Why some icicles become scallops not spikes

The newfound quirky shapes reflect the surrounding water’s density

columns of freshwater ice forming, spikes, scallops and pinnacles

When columns of freshwater ice were submerged in water, they melted. But depending on the water’s temperature — and density — the icicles that formed could be downward-facing spikes (left), scallops (center) or up-facing spears (right).

Applied Math Lab/NYU

Water’s density can have wacky impacts that researchers are still discovering. New experiments show, for instance, that ice columns submerged in liquid water can melt into three distinct shapes. Which they become will depend on the water’s temperature.

Leif Ristroph is a mathematician in New York City. He was part of a team at New York University that anchored in place cylinders of ultrapure ice. Each cylinder was up to 30 centimeters (11.8 inches) long. Typically, liquids become denser the cooler they get. But freshwater is densest at 4° Celsius (39.2° Fahrenheit). At lower temps, the water becomes less dense. To test how that might affect the melting ice, the researchers submerged their ice cylinders in water between 2 °C and 10 °C (35.6 °F and 50 °F).

And “almost everything” about the experiments was surprising, Ristroph now reports.

The ice melted into smooth, downward-pointing spikes when placed in water cooler than about 5 °C (41 °F). When the researchers used a computer to model this behavior, it showed “a strange thing,” Ristroph says. “The cold liquid water near the ice is actually buoyant.” It wants to float because it is less dense than the rest of the water in the tank. That upward flow of melt water draws warmer water closer to the ice’s base.
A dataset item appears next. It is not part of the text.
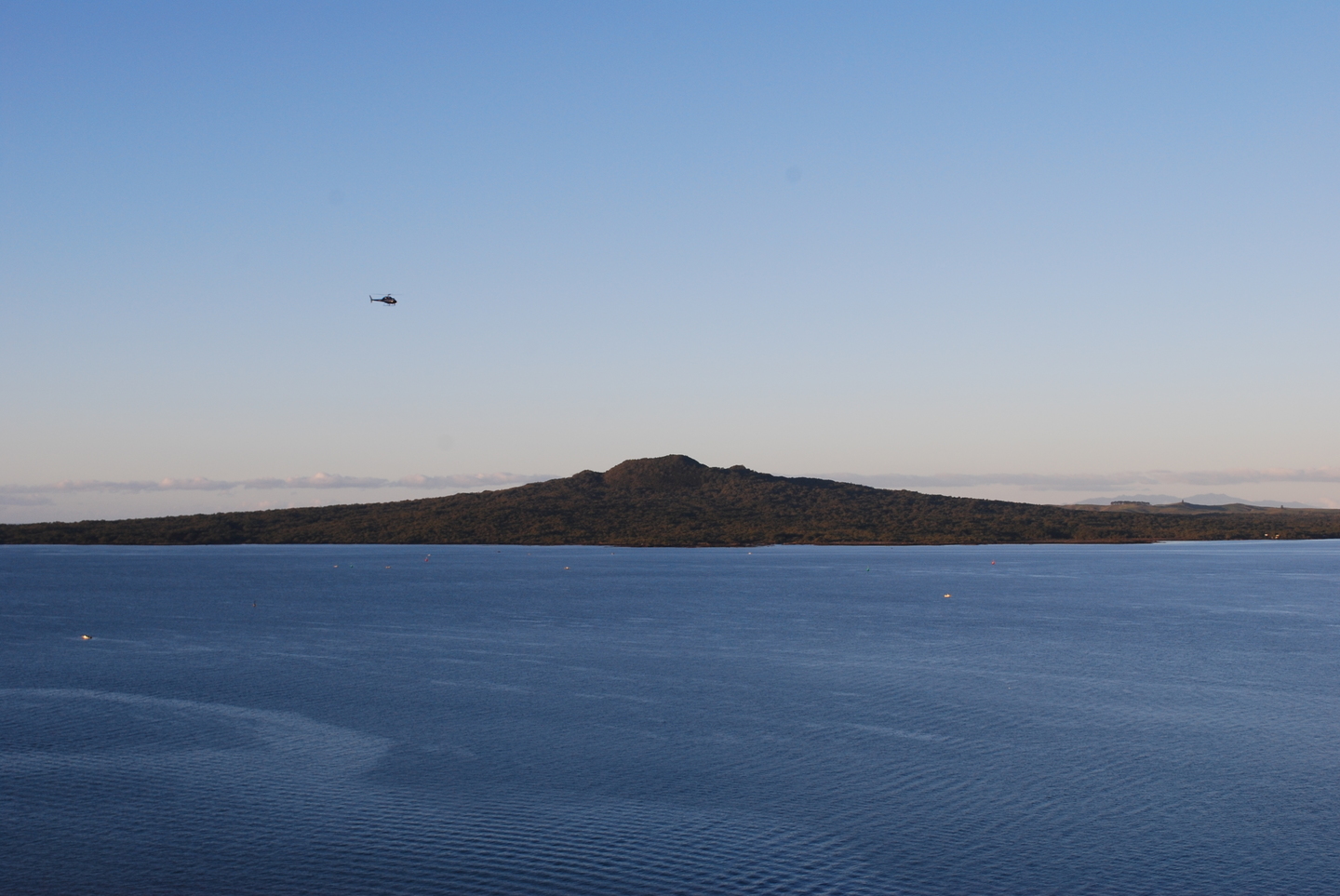 夕日がかった光が差し込み、小さい子供を連れた家族づれや仕事が終わったのかマラソンをする人達、恋人と芝生の上で横になっている人達、とてもゆっくりした空気が流れている。南には電灯を灯し始めたAuckland cityが見え、東にはみごとな円錐形をしたRangitoto Isが見える。

And this causes ice near the bottom to melt faster than at the top.  

The opposite occurred when the water was warmer than about 7 °C (44.6 °F). Now the ice formed an upward-pointing spike. The colder water near the ice is now denser than the body of water around it. So that colder water sinks. This pulls in warmer water at the top of the ice, causing it to melt faster than at the bottom, the computer model explains.

Between about 5 °C and 7 °C, the ice melted into scalloped columns. “Basically, the water is confused,” Ristroph says. It ends up forming layers of different densities. Some layers tend to rise as others sink. In the end, the water organizes itself into “swirls or vortices of fluid.” And this carves “weird ripples into the ice,” he observes.

His team shared its new findings January 28 in Physical Review Letters.  

Not the end of the story

“Our applied-math lab studies fluid dynamics,” Ristroph says. This work, he says, was its “first little dip into ice.” More work is needed to understand the complex mix of factors that can trigger the varying shapes that form as ice melts in nature.

The water in these tests, he notes, was “all quiet” when the experiments began. But in nature, motion can be created by all sorts of things — swimming animals, boats full of people, cargo and more.

And next, Ristroph plans to study what happens to the ice when the saltiness — or salinity — of seawater varies along with temperature.

He’s also started looking at what happens when ice cylinders are put in the tanks without anchoring them in place. Such free ice, Ristroph points out, can “move or flip over.” His team is curious how all of these movements may affect the shapes that melting ice can take on — whether as cubes in your glass or icebergs on the high seas.

The study of ice contains “a beautiful set of problems,” Ristroph says. “I think you could spend a whole career just on ice and never run out of stuff to do.”